More often than not, in many projects, those questions are answered without properly sharing information on the why of the project, and on the specific what that has to be done as the situation evolves. Such projects often end up not having, over time, the proper resources required to succeed. The results presented in studies like the Chaos Report[iii] are quite eloquent and reflect this problem:
On the success side, the average is only 16.2% for software projects that are completed on time and on budget. In larger companies, the news is even worse: only 9% of their projects come in on-time and on-budget. And, even when these projects are completed, many are no more than a mere shadow of their original specification requirements. Projects completed by the largest American companies have only approximately 42% of the originally-proposed features and functions.
I submit here that such a situation is not caused by the fact that we do not have sufficient resources to make those projects, but by the fact that they were ill-defined to start with. Even if and when the resources required are sufficient, they are being wasted through unshared, ill-fated deployment plans.
I once asked participating project managers in one of my workshops, how many of them believed that they were working on a project with unrealistic timeframe and/or insufficient resources. All of them (there were 15) raised their hands. This cannot be possible. They were all coming from the same huge multinational organisation, a world leader in its field of business. The problem was that these 15 project managers did not have the same perceptions that their project sponsors/clients had about what was the nature of the projects at hand and, then, about what were the required resources necessary over time to succeed in delivering anticipated benefits.
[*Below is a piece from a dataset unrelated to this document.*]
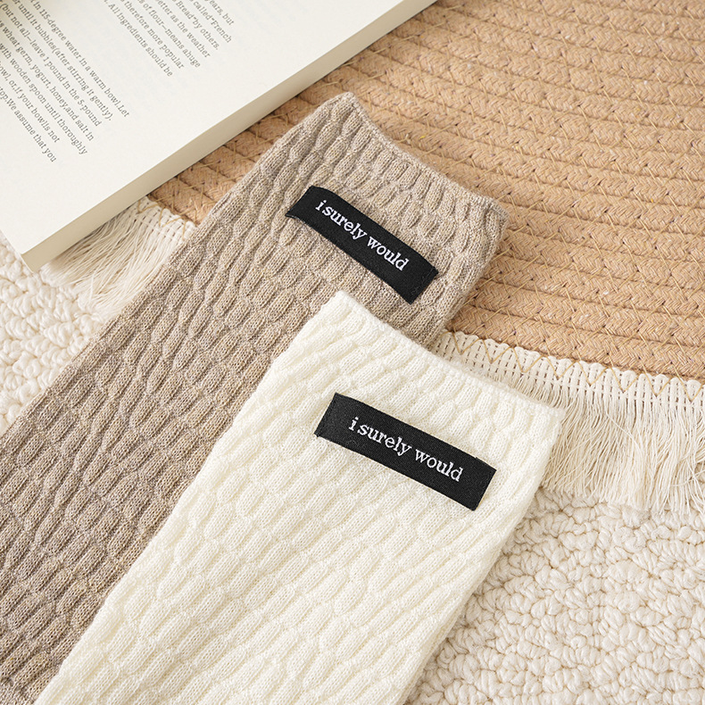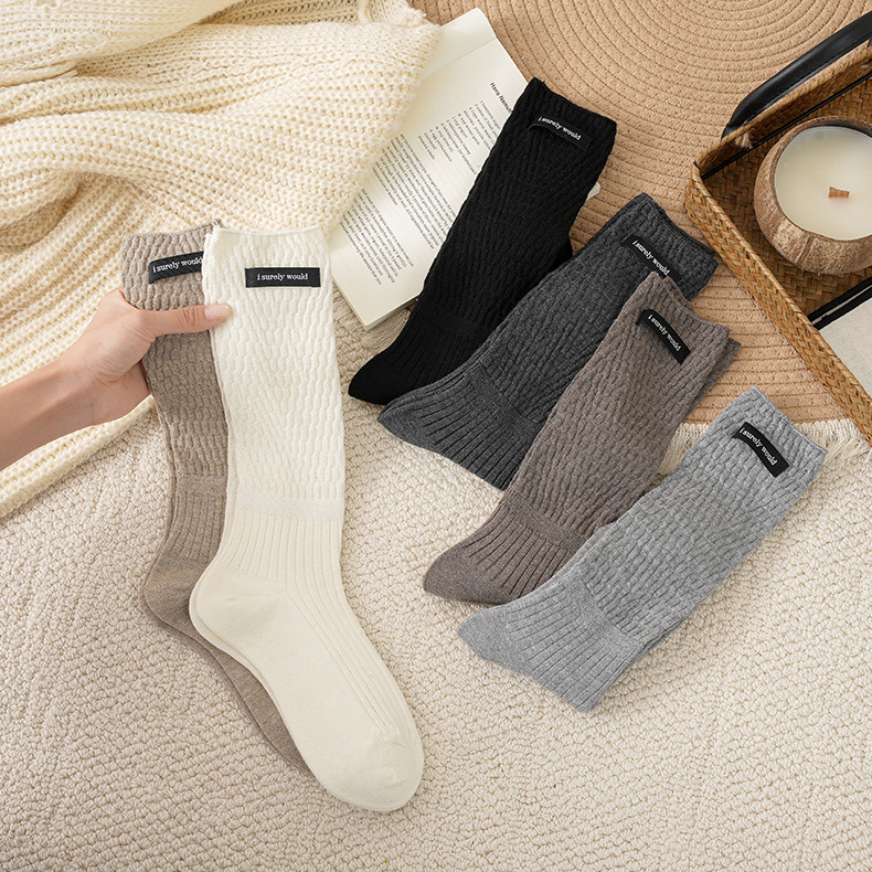 秋冬新款粗线双针袜子女加厚中筒袜日系长筒精梳棉显瘦百搭堆堆袜

The first condition a project manager has to meet, in order to elevate resource availability constraints on the project s/he has to deliver, is to ensure everyone contributing on this project sees the same project, understands the same project, values the same project …and desires the same project outcome. This condition must be met not only at the beginning of the endeavour, but every single day of the project as it evolves. There is no use discussing resources on a project, unless this condition is met and unless perceptions on the why and what of the project at hand are aligned. Once this condition is met, at least resource issues will be understood the same way and, as a whole, your organisation’s project portfolio will be balanced over time to assign the proper resources on your projects. This includes those organisational change projects that are perceived in many different ways by the stakeholders, none of these ways being the right perception, because it is not a shared perception.
Let’s not forget that famous Einstein quote you saw at the top of this article, “Perfection of means and confusion of goals seem — in my opinion — to characterize our age”. I believe this to be right, particularly in the western hemisphere. I know that organisational resources are not infinite, but I believe we can do a lot more with what we have if we start to work together on the same projects (meaning having a shared perception of why it is about, what it is and what is required to make it happen). Make sure you have common goals, as this will automatically elevate the resource availability constraints… because it will ensure that the right resources are used on the right projects, at the right time. It will ensure that those resources that are already available in successful organisations stop being wasted by being used on the wrong project or at the wrong time.